WORK TO BE COMPLETED ::
Go to the line holding "De ene taatsdeur" in the data below and repeat it exactly, then each line after it up to and including the one holding "Il design a". Omit pictures.

RECORDS TO USE ::
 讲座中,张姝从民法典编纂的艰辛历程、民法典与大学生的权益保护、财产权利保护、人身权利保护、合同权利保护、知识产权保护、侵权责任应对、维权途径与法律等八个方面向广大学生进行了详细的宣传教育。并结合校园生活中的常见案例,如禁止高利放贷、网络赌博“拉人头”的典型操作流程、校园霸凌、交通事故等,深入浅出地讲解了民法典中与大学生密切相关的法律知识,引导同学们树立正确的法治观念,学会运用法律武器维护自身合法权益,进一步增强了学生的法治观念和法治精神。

...

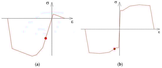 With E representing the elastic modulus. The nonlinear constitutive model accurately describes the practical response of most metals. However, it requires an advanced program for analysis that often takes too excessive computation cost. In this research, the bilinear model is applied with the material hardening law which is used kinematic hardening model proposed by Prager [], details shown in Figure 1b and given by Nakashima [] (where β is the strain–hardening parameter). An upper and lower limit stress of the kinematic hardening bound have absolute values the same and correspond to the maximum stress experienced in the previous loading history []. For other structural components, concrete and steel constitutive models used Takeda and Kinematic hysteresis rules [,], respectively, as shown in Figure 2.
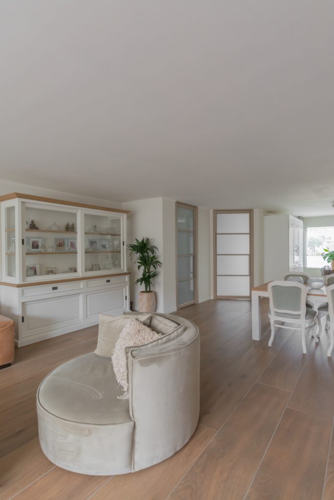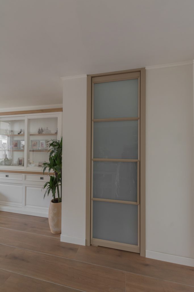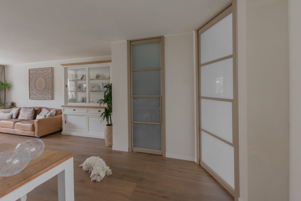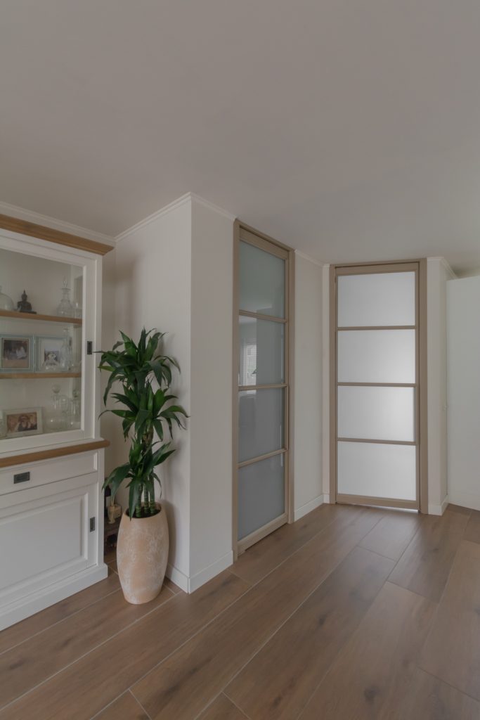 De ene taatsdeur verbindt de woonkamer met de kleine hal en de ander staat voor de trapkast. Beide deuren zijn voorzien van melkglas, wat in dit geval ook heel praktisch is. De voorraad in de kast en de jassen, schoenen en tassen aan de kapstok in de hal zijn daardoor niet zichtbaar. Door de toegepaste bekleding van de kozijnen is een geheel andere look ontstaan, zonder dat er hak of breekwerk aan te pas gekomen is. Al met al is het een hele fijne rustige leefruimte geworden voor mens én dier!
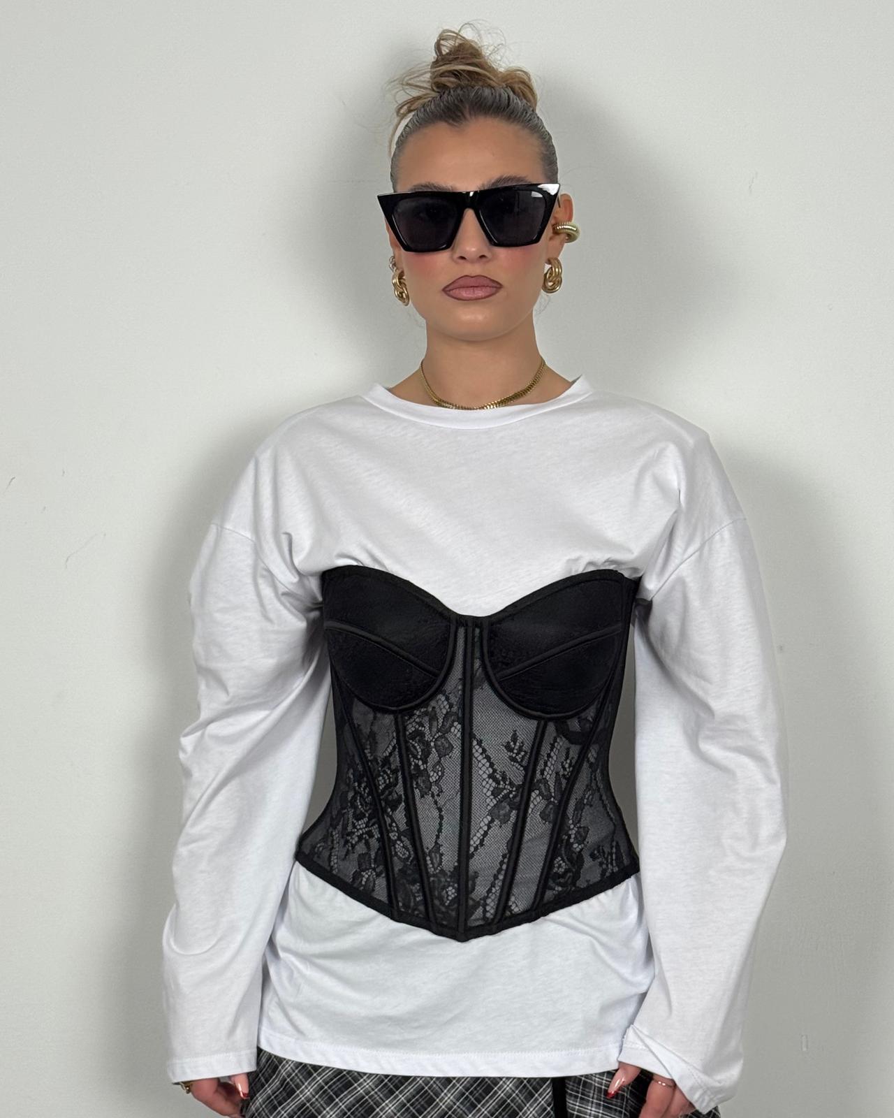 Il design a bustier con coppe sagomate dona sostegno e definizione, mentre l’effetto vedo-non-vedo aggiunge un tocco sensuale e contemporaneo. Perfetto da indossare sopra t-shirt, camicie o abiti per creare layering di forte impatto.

==

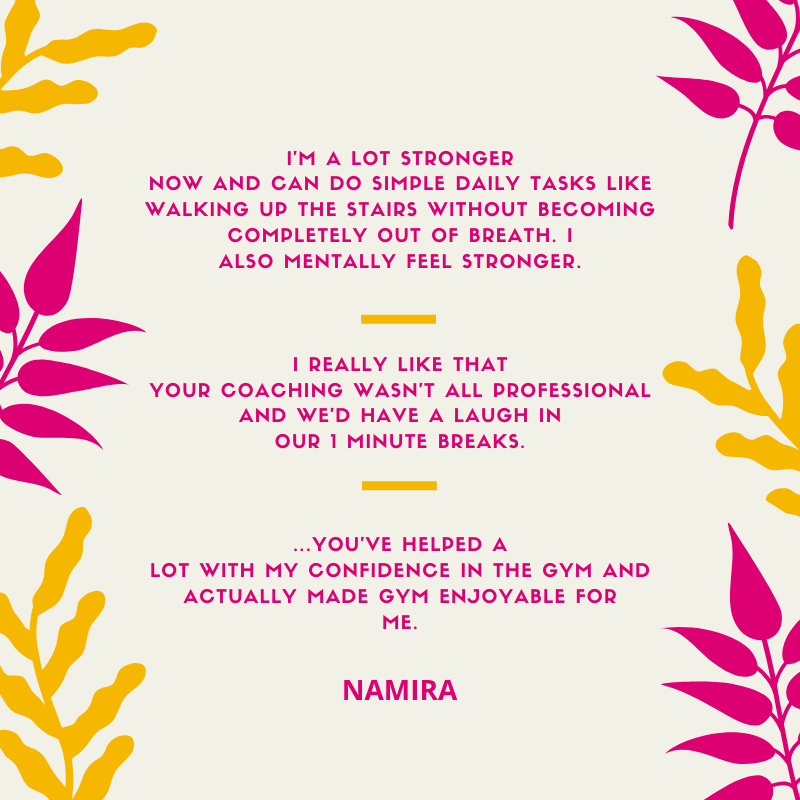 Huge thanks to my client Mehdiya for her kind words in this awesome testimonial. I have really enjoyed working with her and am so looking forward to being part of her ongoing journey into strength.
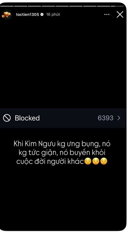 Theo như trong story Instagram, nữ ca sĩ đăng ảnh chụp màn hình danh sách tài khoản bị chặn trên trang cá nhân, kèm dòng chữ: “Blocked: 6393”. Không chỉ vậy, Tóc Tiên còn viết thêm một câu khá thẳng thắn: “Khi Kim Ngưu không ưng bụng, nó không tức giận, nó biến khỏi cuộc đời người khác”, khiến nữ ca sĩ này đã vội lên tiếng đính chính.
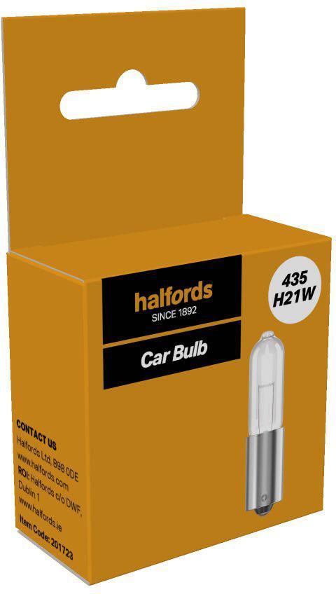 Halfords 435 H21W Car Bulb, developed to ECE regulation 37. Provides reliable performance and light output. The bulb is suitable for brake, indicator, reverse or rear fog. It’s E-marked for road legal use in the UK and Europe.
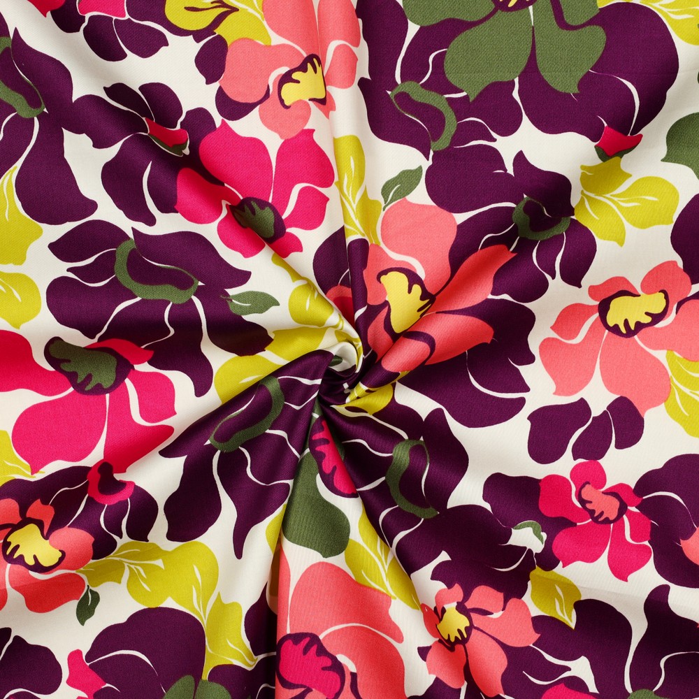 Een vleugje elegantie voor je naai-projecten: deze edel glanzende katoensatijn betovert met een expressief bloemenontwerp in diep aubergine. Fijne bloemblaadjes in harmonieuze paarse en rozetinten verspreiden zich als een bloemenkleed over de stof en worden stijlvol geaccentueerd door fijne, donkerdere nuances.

EXERCISE SOLUTION ::
 De ene taatsdeur verbindt de woonkamer met de kleine hal en de ander staat voor de trapkast. Beide deuren zijn voorzien van melkglas, wat in dit geval ook heel praktisch is. De voorraad in de kast en de jassen, schoenen en tassen aan de kapstok in de hal zijn daardoor niet zichtbaar. Door de toegepaste bekleding van de kozijnen is een geheel andere look ontstaan, zonder dat er hak of breekwerk aan te pas gekomen is. Al met al is het een hele fijne rustige leefruimte geworden voor mens én dier!
 Il design a bustier con coppe sagomate dona sostegno e definizione, mentre l’effetto vedo-non-vedo aggiunge un tocco sensuale e contemporaneo. Perfetto da indossare sopra t-shirt, camicie o abiti per creare layering di forte impatto.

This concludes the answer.